The sample inputs are good as a smoke test, but they're often not good indicators that your program can handle the more extreme test cases too. You should always test with more than the sample inputs. If my calculations are correct, your program will produce the wrong result for the following input:
999000 999250
For reference, the expected output for this is:
999000 999250 321
There, I narrowed your search space down to 251 cycles :) Now get your debugger and finish the job.
Anyway, what follows is the full explanation and solution in spoiler markup. Mouse over the blank space if you want to read it, stay put if you want to figure it yourself.

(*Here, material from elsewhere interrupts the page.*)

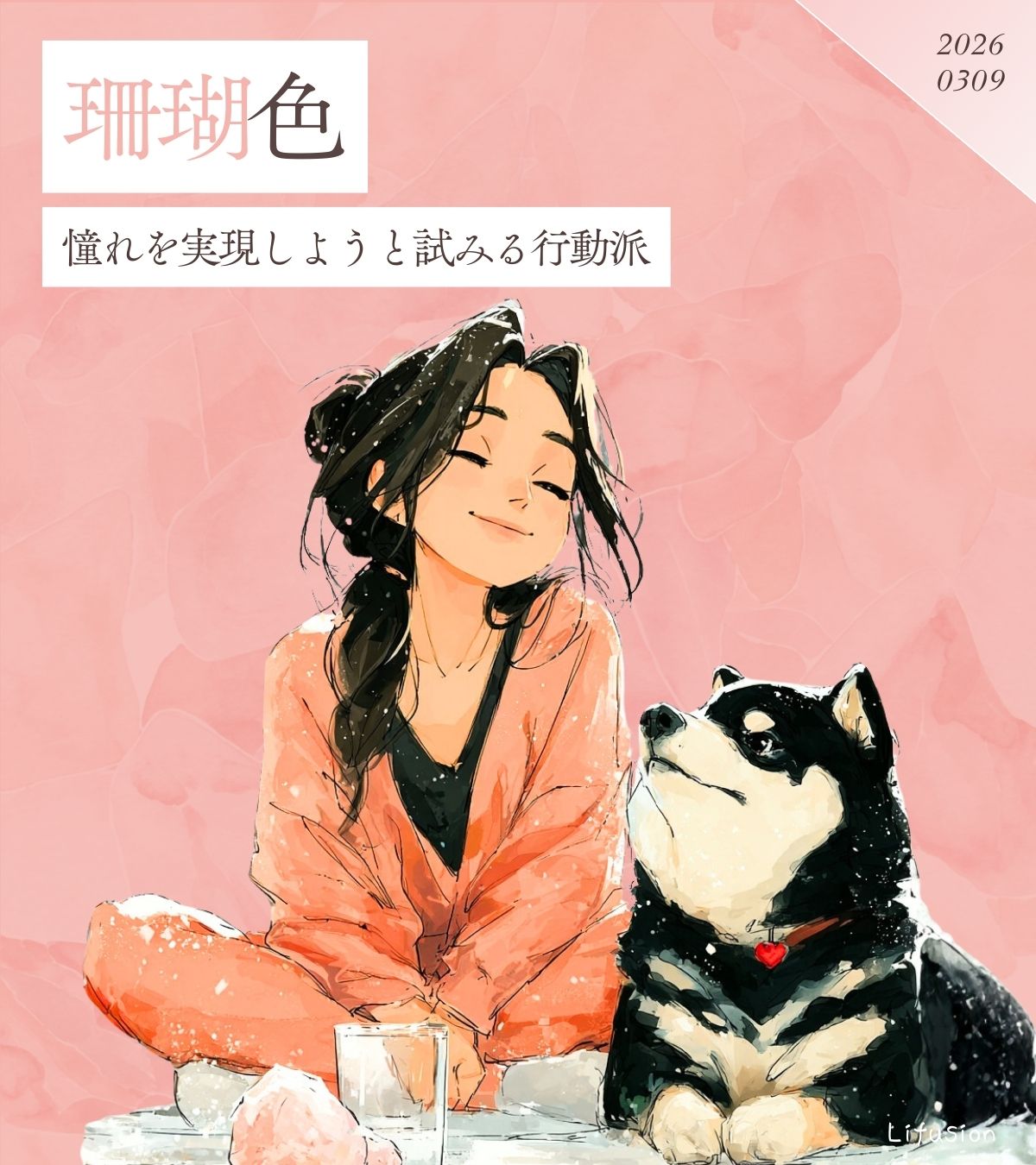 珊瑚色(さんごいろ)は、海の中でゆっくりと育つ珊瑚のような、温かみのあるピンクオレンジ。色言葉は「意欲旺盛」「勇猛果敢」ですが、決して無理やり背中を押すような強さではありません。

The problem states that i and j are less than one million and that no operation overflows a 32-bit integer. This means that no intermediate result will be larger than 4294967295. However, an int is a signed type, so, even if it has 32-bits, it only has 31 bits for the absolute value, and thus cannot fit any number larger than 2147483647. Numbers larger than these occur in the cycles of for several Ns in the problem range, one of which is 999167. Using an unsigned 32 bit integer is one solution.
There is nothing mystery. The largest intermediate number overflows 31-bit of the signed integer. You need to declare record.number and nextNumber as unsigned int.